Is R/Z isomorphic to R/2Z?

It actually is correct! Taking $S^1$ and identifying antipodes gives $S^1$ again. This explains why $\mathbb{R}P^1$ is homeomorphic to $S^1$, and what you have is the group-theoretic version of this.

You have to be careful about how you are realizing $\mathbb{Z}_2$ as a subgroup of the circle. The sensible thing is as the multiplicative group $\{\pm 1\}$, and the cosets are then antipodal pairs, which gives my first paragraph above.

This is not a problem at all.

Consider the surjective group morphism $f: S^1 \to S^1$ $$f(z)=z^2$$ The kernel is $\{ 1 ; -1\} \cong \Bbb Z_2$ and by the first isomorphism theorem $$S^1 \cong S^1 / \{ 1 ; -1\}$$ which is exactly what you found.
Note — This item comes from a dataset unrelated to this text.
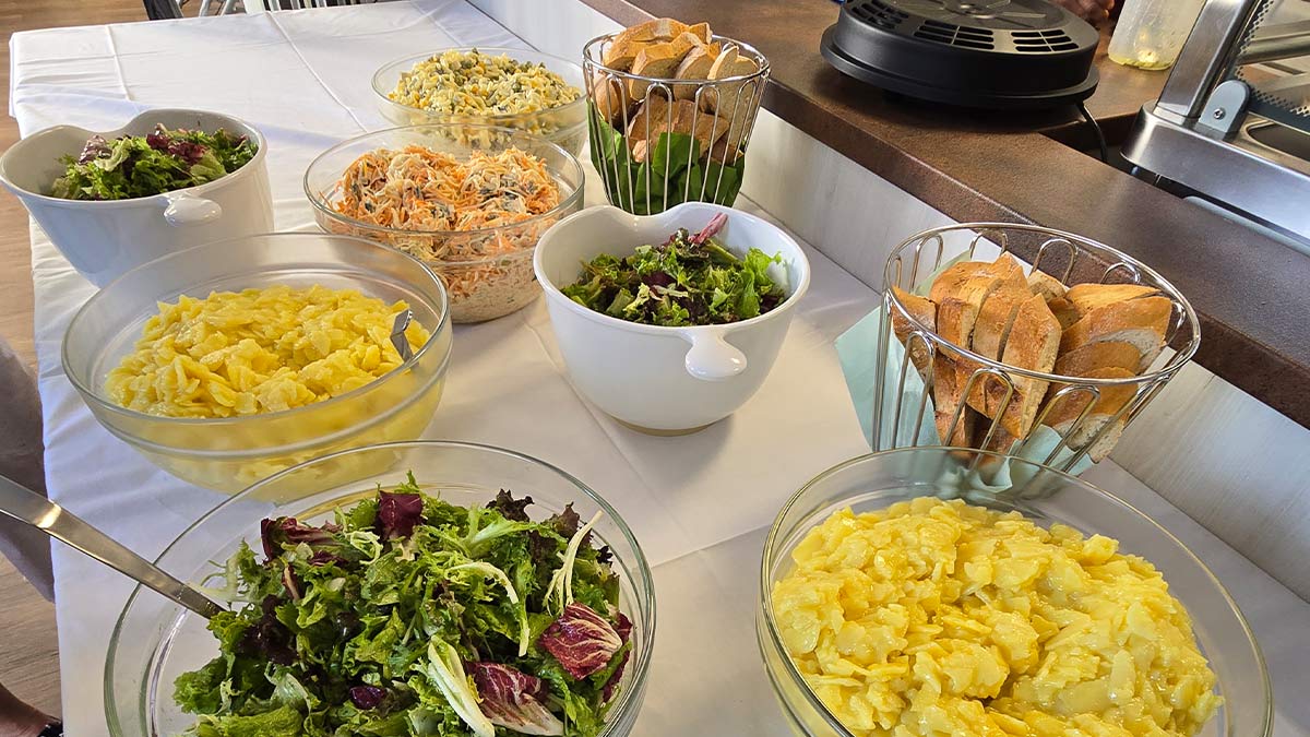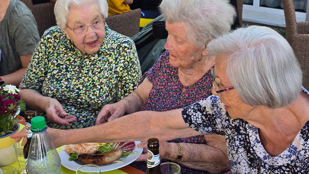 Angehörigenabende sind im „Haus Taubergießen“ keine Seltenheit. Regelmäßig werden die Angehörigen aktiv von der Einrichtung dazu eingeladen, einen schönen Abend gemeinsam mit den Bewohner*innen zu verbringen. Im Sommer bietet sich da eine etwas andere Art an. So wurde in Kappel-Grafenhausen nun schon zum wiederholten Mal ein gemeinsames Grillen veranstaltet. Viele Angehörigen waren der Einladung gefolgt und nutzten die Gelegenheit, mit ihren Liebsten, den anderen Senior*innen und Angehörigen sowie dem Pflegeteam ins Gespräch zu kommen. Einrichtungsleitung Kerstin Stingl begrüßte offiziell die Gäste und eröffnete das Gripp- und Salatbuffet. Ernst & Elke sorgten mit der Quetschkomod für die musikalische Begleitung. Bei bestem Wetter mit guter Laune wurde so Mitte Juli ein schöner Abend verbracht, bei dem viel gesungen, gelacht und sogar getanzt wurde.
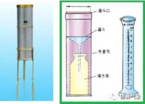 用于测量一段时间内累积降水量的仪器。外壳是金属圆筒分上下两节,上节是一个口径为20厘米的盛水漏斗,为防止雨水溅失,保持器口面积和形状,筒口用坚硬铜质做成内直外斜的刀刃状;下节筒内放一个储水瓶用来收集雨水。测量时,将雨水倒入特制的雨量杯内读取降水量毫米数。

Indeed, if you consider $S^1$ as the multiplicative group $\{ z\in\mathbb C : \lvert z\rvert = 1\}$, then $H=\{+1,-1\}$ is a subgroup isomorphic to $\mathbb Z/2\mathbb Z$ and you have an isomorphism \begin{align*} S^1/H &\longrightarrow S^1, \\ [z] &\longmapsto z^2, \end{align*} where $[z]=zH=\{z,-z\}$.